I'm trying to do some basic reading-in on Georgia state Assembly races; one in particular, actually. I’ve never been to Georgia; I have a few contacts in Georgia politics and some sense of underlying demographic and political conditions, and, like, I can find it on a map, but… that doesn’t mean much.
“Back to basics” being the order of the day, here’s what I have:
Up front, I think as with Alabama, it’s very easy to read this wrong as an outsider - especially a non-Black outsider, given the state is 36% Black folks (better than two and a half times the national baseline) and anti-Blackness is a historical third rail in every Southern state; so we should restrict ourselves to very basic observations, just enough so that we can listen to someone tell us what’s happening and not be, like, totally stupid about it.
It’s going to be a lot easier if we don’t have to unlearn things when we talk to people, so let’s keep it limited to broad strokes as much as possible.
Statewide social indicators start out somewhat troubling, not “failed-state” troubling like Alabama or Mississippi, but still eyebrow-raising.
Georgia’s infant mortality rate is 6.12 per 1,000 live births according to the CDC; that’s the 15th worst IMR in the country.
COVID vaccination rates stand at 67.6%, very near the global average, but substantially below other American states. Becker Hospital Review ranks it 44th.
In America, mass incarceration is such a massive industry (it’s highly privatized) that it’s a demographic factor, and Georgia is no different; its incarceration rate of 968 per 100,000 people as of late 2021 makes it one of the highest in the country. A total of 102,000 people in Georgia are incarcerated, or roughly one percent of Georgia’s entire population.
Georgia’s Gini coefficient is 0.479 as of late 2021, which is the ninth-highest in the country, but fairly in line with other American states.
A population heatmap of Georgia suggests very, very rough outlines of the terrain we’re looking at.
Again, similar to Alabama, we’re looking at a couple large population centers and significant tracts of low-density land. Population density maps clearly but somewhat untidily onto partisanship - specifically, Presidential election outcome - which is, again, a familiar pattern in American states.
At a very gross level, zooming all the way out on political party strength graphs, we can discern a fairly familiar blue-to-red pattern, starting with Federal offices then extending throughout state offices.
Unlike other Southern states, we’re not seeing an earlier blue-to-red shift occur in the ‘60s through the ‘80s as racists shift their affiliations from Democratic to Republican; modern political conditions - and, in this era, digital politics - is driving the shift, I think.

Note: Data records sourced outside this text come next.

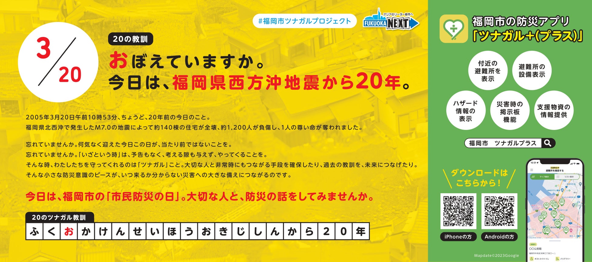 3月1日(土)より各所で広告を展開していた福岡市の防災アプリ「ツナガル+(プラス)」。福岡県西方沖地震から20年の節目となる今日、「20のツナガル教訓」の答えが公開されました。
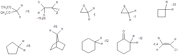 Це константи 2JHH. Вони найчастіше трапляються у фрагменті СН2 і мають величини в інтервалі від — 23 Гц у молекулі циклопентадієну до + 41Гц у молекулі формальдегіду. Як бачимо, діапазон даних КССВ є досить великим, причому може змінюватися не тільки видима величина 2JHH, а й її знак. Тому може трапитися парадоксальна ситуація, коли збільшення величини КССВ може приводити до її зменшення. Так, наприклад, збільшення 2JHH від -10 Гц до +2 Гц візуально сприйматиметься як зменшення величини даної КССВ на 8 Гц. В цілому великі негативні значення гемінальних КССВ є більш характерними, тому, якщо у сполуці відмічено велику гемінальну КССВ, то з високою вірогідністю вона має негативний знак. Коли ж гемінальна КССВ є невеликою, то вона може бути як позитивною, так і негативною. Нижче, на рис. 3.8 наведено типові значення гемінальних КССВ для органічних сполук різноманітної будови.
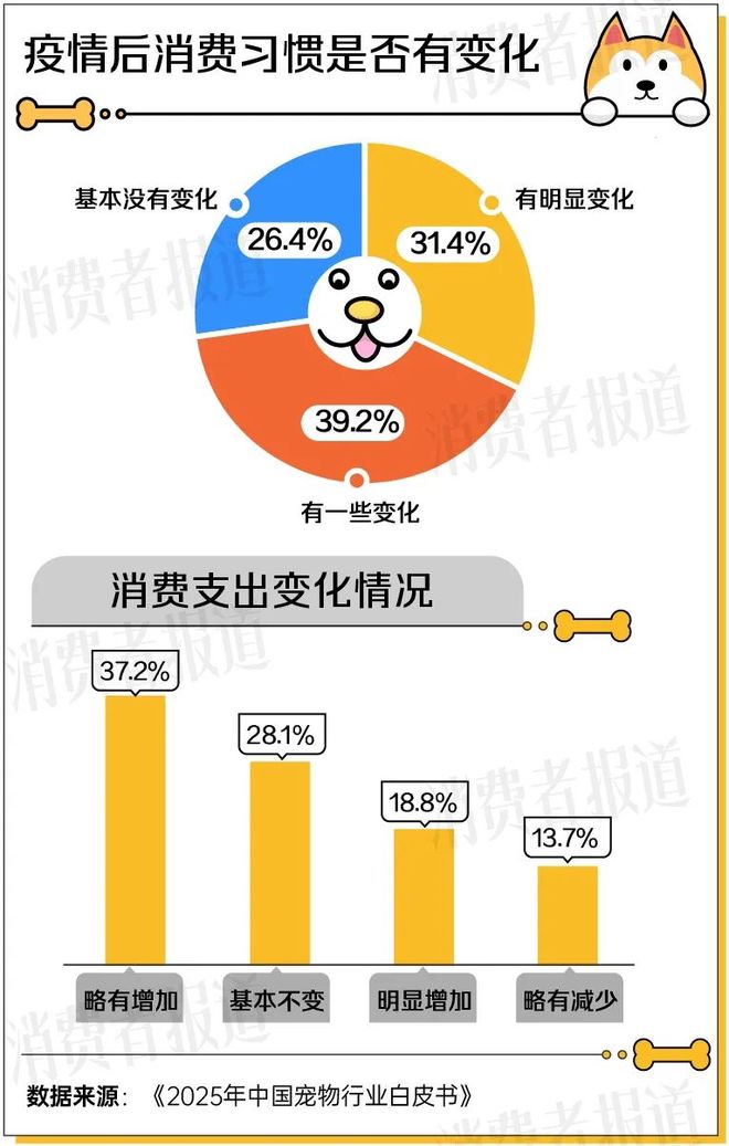 其中,18.8%的宠物主认为消费支出明显增加,37.2%的宠主认为消费支出略有增加,只有13.7%的宠物主消费支出略有减少。
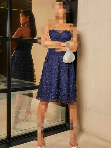 پیراهن زنانه کوتاه مجلسی سرمه ای برند چی چی لاندن جنس تور و حریر آستردار
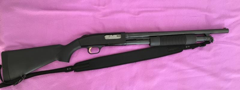 Mossberg 500A, culata y guardamanos cambiados por sintéticos, tres tubos
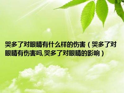 目前大家应该是对哭多了对眼睛有伤害吗,哭多了对眼睛的影响比较感兴趣的,所以今天小编CC就来为大家整理了一些关于哭多了对眼睛有伤害吗,哭多了对眼睛的影响方面的相关知识来分享给大家,希望大家会喜欢哦。
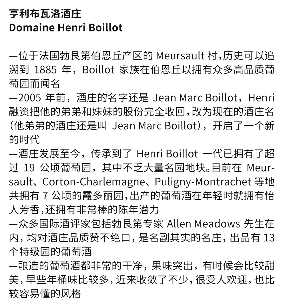 亨利布瓦洛酒庄的历史最早可以追溯到1885年。从那时起,亨利布瓦洛家族就已经开始种植葡萄树并酿酒了。布瓦洛酒庄原名是“Domaine Jean Boillot”,根据亨利布瓦洛家族第四代传人让·布瓦洛(Jean Boillot)的名字命名。2005年,让·布瓦洛的儿子亨利·布瓦洛(Henry Boillot)将其他兄妹名下的产业股权买了下来,并将这些产业重新整合为一个酒庄,最后改名为“Domaine Henri Boillot”。酒庄目前的庄主亨利·布瓦洛是布瓦洛家族的第五代传人。近几年,他的儿子吉月莫(Guillaume)也加入到酒庄的经营中来。
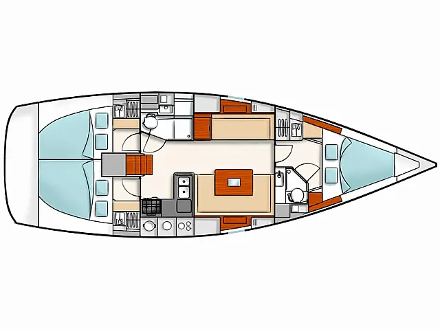 Jastuci u kokpitu, Električna vitla, Inverter, Grijanje, Bimini, Sprayhood, Hladnjak, Aparat za kavu, Električni WC Pramčani propeler, Autopilot, Ploter karata u kokpitu Radio-CD player
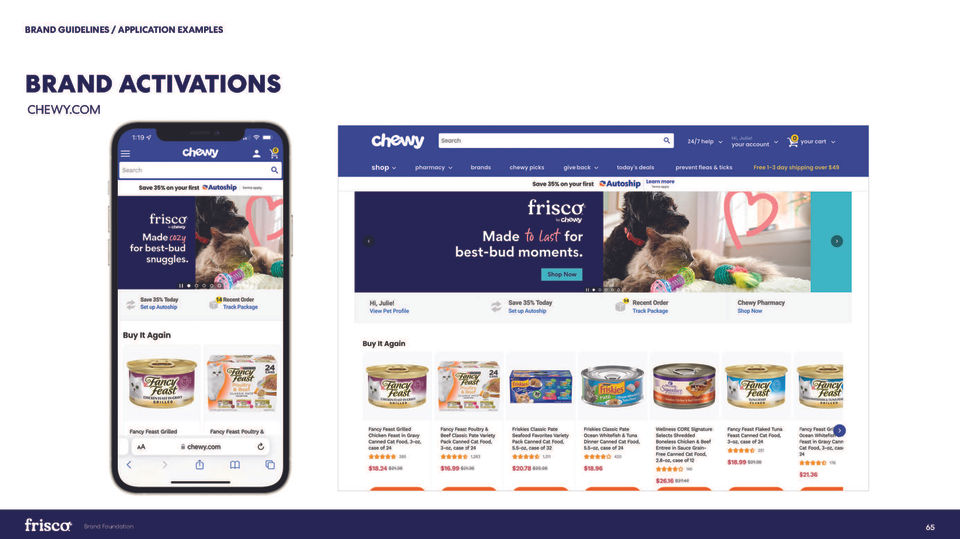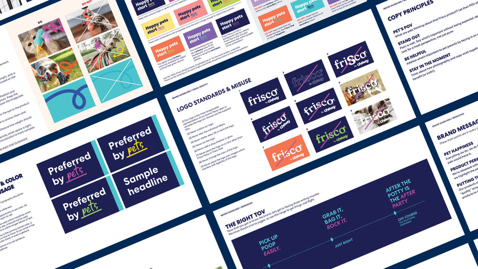 In 2023, our team was tasked to create a new and improved set of brand guidelines that outlined a refreshed look, feel & tone for one of Chewy's favorite sub brands. The brand direction really honed in on the "big joy" received in those "little moments" with your pet. We wanted to keep that Frisco fun look and feel, but dialing it back just a little to really let Frisco's large selection of top products shine.
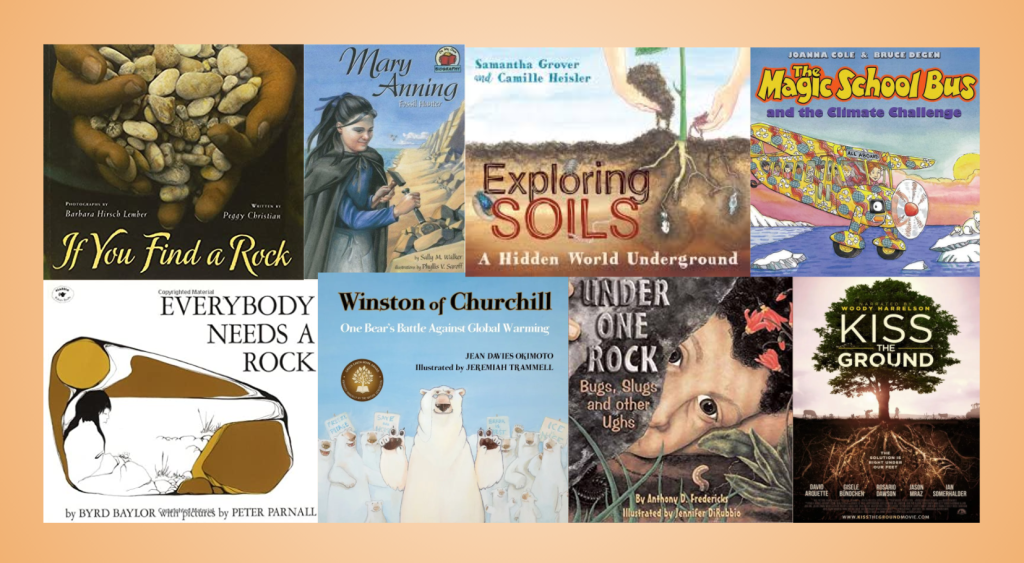 Here are some books to support learning about the rock cycle, soil and climate action.

Georgia’s House of Representatives is the lower chamber in its traditional bicameral legislature. It currently sits at 103-76 Republican; the state House and Senate flipped in 2003-2005 and hasn’t reverted since. It is responsible for redistricting by ordinary assembly measure, per Princeton Gerrymandering Project.

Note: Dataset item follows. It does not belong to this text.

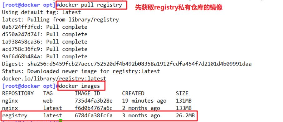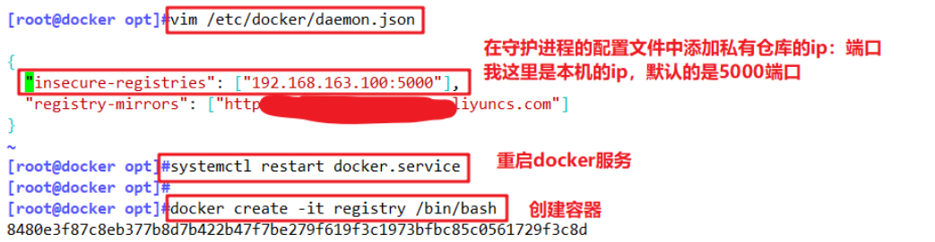 下载registry镜像—>运行容器、暴露端口5000—>修改daemon.json文件—>重启docker

This starts to get more specific, and thus at a higher risk of being wrong, but in detail, let’s zoom in on one specific GA House of Representatives race, District 146.

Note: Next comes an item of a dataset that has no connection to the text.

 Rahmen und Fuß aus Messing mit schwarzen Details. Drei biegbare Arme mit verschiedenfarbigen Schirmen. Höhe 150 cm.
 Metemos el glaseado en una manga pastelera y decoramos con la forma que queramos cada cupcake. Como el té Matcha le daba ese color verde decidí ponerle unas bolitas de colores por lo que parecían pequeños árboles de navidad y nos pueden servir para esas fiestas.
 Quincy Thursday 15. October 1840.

District 146 is essentially Warner Robins and Perry; we’re talking 58,085 people in 20,640 households in 2010.
What jumps out at you when you start to look into it is how many people work in government, nearly 1 in 5 working adults - almost four times the rate as the rest of Georgia.
I note that Robins Air Force Base is in the area, potentially accounting for those numbers.
If those 5,671 people are employed in Air Force or Air Force-related government jobs, you’re looking at an addressable plurality of voters in this district with relatively unified ways of addressing them.
So, prior to January 6, 2021, it strikes me that it would have been a solid bet that a white person who works for the Air Force in Georgia would break Republican just on tribal affiliation.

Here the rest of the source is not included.